Apresento o pequeno texto que enviei para um dos painéis mencionados em homenagem ao grande músico tomarense:

Fernando Lopes-Graça, Nome Maior da Música Portuguesa

Rendo eterno tributo a Lopes-Graça, mercê de convite para meu primeiro recital em Lisboa, no dia 14 de Julho de 1959 na Academia de Amadores de Música. Nas décadas posteriores, sempre que visitava Portugal para recitais, encontrava-me com o Mestre em seu Templo, a AAM. Empatias existem ou não. O fascínio pela obra de Lopes-Graça vem da juventude e teve curva sempre ascendente. Admirava sua postura firme, inquebrantável quando convicção ideológica ou música estavam em causa. A incorruptibilidade do pensar do Músico de Tomar tornou-se lendária.

Foram as muitas fotocópias de manuscritos, sempre acompanhadas de estimuladoras dedicatórias recebidas das mãos do compositor, que me fizeram percorrer suas partituras, buscar sorvê-las em suas essencialidades e, posteriormente, gravá-las em três CDs  lançados pela Portugaler e pela PortugalSom-Numérica, a maioria das obras em registro inédito. Os livros que por ele me foram ofertados, guardo-os como bens preciosos, consultando-os com assiduidade. As constantes viagens às terras lusíadas fizeram-me completar o corpus literário do compositor.
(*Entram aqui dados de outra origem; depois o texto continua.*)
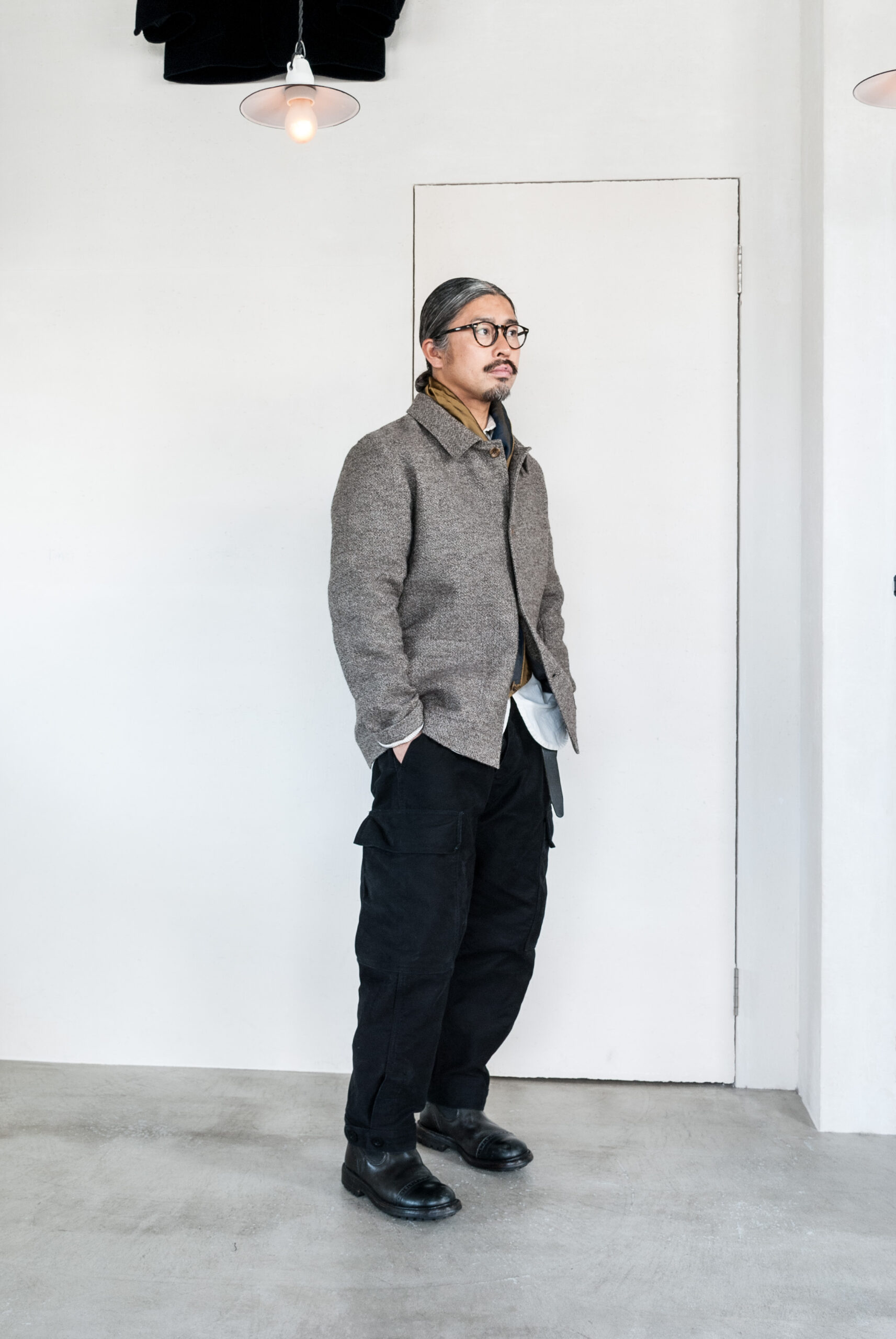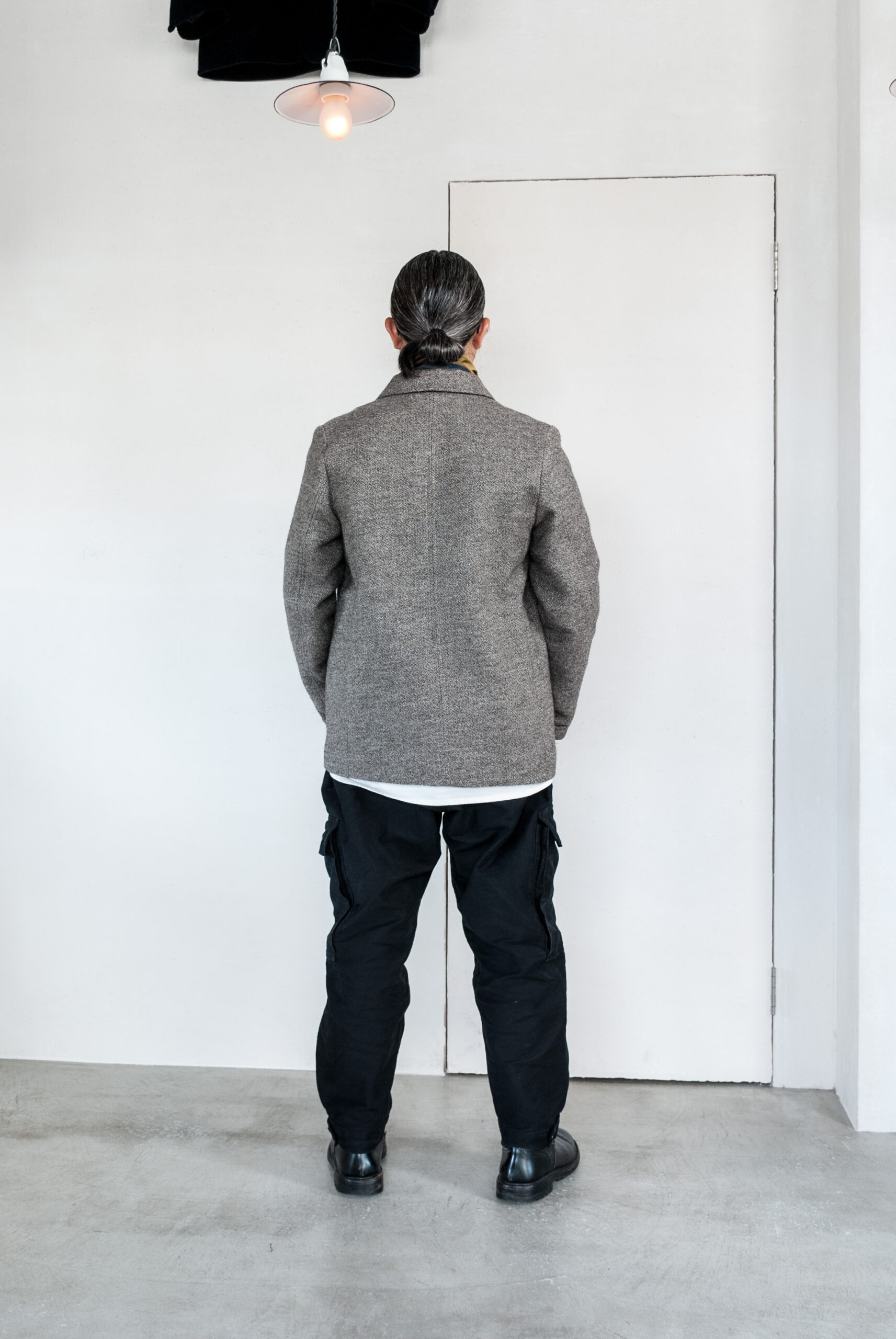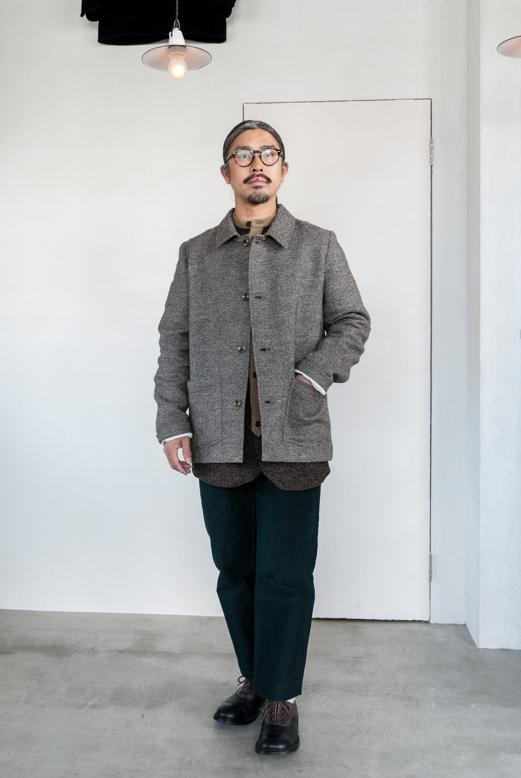 ドイツの伝統的なワークジャケットの形を踏襲しながらも胸ポケットを取り、丈夫な馬布で裏張りされているので、ジャケットとしてだけではなく、コートのような着方もできます。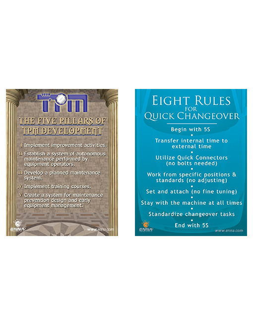 Take the training room to the shop floor with Enna’s new full color mini-poster cards. These vivid adaptations of Enna’s most popular Lean posters are the perfect pocket-sized companion for handing out to managers, supervisors, and shop floor associates. Attractive enough for display yet durable enough to stand up to shop floor environments, these appealing mini-poster cards ensure that key concepts of Quick Changeover and TPM are always within reach.

Acredito firmemente que em breve Lopes-Graça será reconhecido com justo mérito, em termos universais, como um dos maiores mestres do século XX. Já o é, sempre o foi, falta-lhe a divulgação incisiva além-fronteiras. Sua produção enorme e criteriosa, a abordar inúmeros gêneros musicais, seu estilo definido, pois somente os grandes deixam “impressões digitais” sobre a partitura, levarão seu nome aos quatro ventos. Esforços estão sendo feitos em Portugal através de gravações, edições de partituras e consistentes estudos críticos sobre a opera omnia do compositor. Intérpretes portugueses estão a repertoriá-lo sonoramente em terras lusíadas e esse é um aspecto dignificante. Contudo, “navegar é preciso…”. Há a necessidade de o Estado fazer sua parte de maneira a não deixar dúvidas quanto às intenções. Lopes-Graça é joia rara, assim como, num paralelo, Villa-Lobos o é. Representam para Portugal e Brasil, respectivamente, seus nomes maiores.

Clique para ouvir de Fernando Lopes-Graça:

Das “Viagens na Minha Terra”:  “Em Alcobaça dançando um velho fandango”  (piano: J.E.M., selo Portugaler)

Das “Músicas Fúnebres”: “Deploração na morte de Samora Machel” (piano: J.E.M., selo PortugalSom/Numérica)

On the 20th anniversary of Lopes-Graça’s death, Portugal pays respect to the great composer with a series of events. I have been contacted by two Portuguese organizations: TSF Radio for an interview and Associação Lopes-Graça for a brief account of my relationship with him for posters that will be on display at the City Hall of Matosinhos and at the Portuguese Music Museum. I can’t help thinking how shameful it is for us, Brazilians, to ignore the works of this outstanding artist, a rare jewel that deserves to be put on a level with the greatest names of the 20th century.